The proposed update is in response to the decision of the Supreme Court that overturned Roe v. Wade, which provided a constitutional right to abortion for almost 5 decades. Since that decision, a dozen states have introduced bans on abortions and a dozen more have introduced restrictions. Since abortion remains legal in many states, individuals in restrictive states could travel to a more permissive state to receive abortion care. There are fears that law enforcement in states with restrictions on abortions could seek to prosecute state residents that travel to another state to receive abortion care, and that attempts would be made to obtain the protected health information (PHI) of those individuals from healthcare providers.
Disclosures of protected health information to law enforcement are permitted by the HIPAA Privacy Rule in certain circumstances, as OCR confirmed in guidance released last year. OCR confirmed that while HIPAA permits these disclosures, they are not required by the HIPAA Privacy Rule, which means healthcare providers do not have to provide the requested PHI. OCR has now proposed an update to the HIPAA Privacy Rule that would prohibit healthcare providers from disclosing protected health information to law enforcement primarily to allow individuals seeking or receiving reproductive health care or providers of that care to be prosecuted.

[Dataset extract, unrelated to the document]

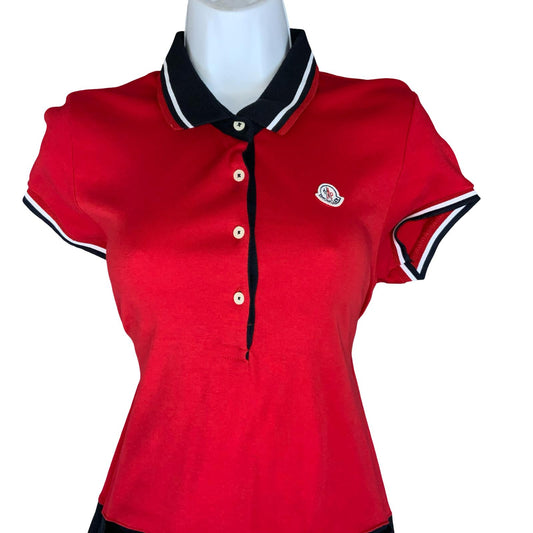 VTG 90s 'MONCLER' RED NAVY BLUE POLO COLLAR DESIGNER TENNIS SHIRT DRESS UK10

The decision to update the HIPAA Privacy Rule was primarily taken to safeguard trust in the patient-provider relationship and ensure that when visiting a doctor and disclosing sensitive health information, patients will be assured that their private medical records will not be disclosed to law enforcement and used against them for seeking legal care. If a patient is not permitted by law to receive abortion care in one state, but seeks that care in a state where abortion care is illegal, that patient should not be prosecuted for receiving that care, nor should the provider of that care.
The proposed changes are narrow in scope and apply specifically to disclosures of PHI to law enforcement related to reproductive health care, which includes, but is not limited to, “prenatal care, abortion, miscarriage management, infertility treatment, contraception use, and treatment for reproductive-related conditions such as ovarian cancer.”
Disclosures of PHI will be prohibited if they are primarily required for:
- A criminal, civil, or administrative investigation into or proceeding against any person in connection with seeking, obtaining, providing, or facilitating reproductive health care, where such health care is lawful under the circumstances in which it is provided.
- The identification of any person for the purpose of initiating such investigations or proceedings.
“I have met with doctors across the country who have shared their stories. These providers have expressed fear, anger, and sadness that they or their patients may end up in jail for providing or obtaining evidence-based and medically appropriate care,” said OCR Director Melanie Fontes Rainer. “Trust is critical in the patient-doctor relationship and medical mistrust can damage and chill patients’ relationship with their providers, imperiling patient health. Today’s proposed rule is about safeguarding this trust in the patient-provider relationship, and ensuring that when you go to the doctor, your private medical records will not be disclosed and used against you for seeking lawful care. This is a real problem we are hearing and seeing, and we developed today’s proposed rule to help address this gap and provide clarity to our healthcare providers and patients.”
OCR will be accepting comments on the proposed rule for 60 days from the date of publication in the Federal Register.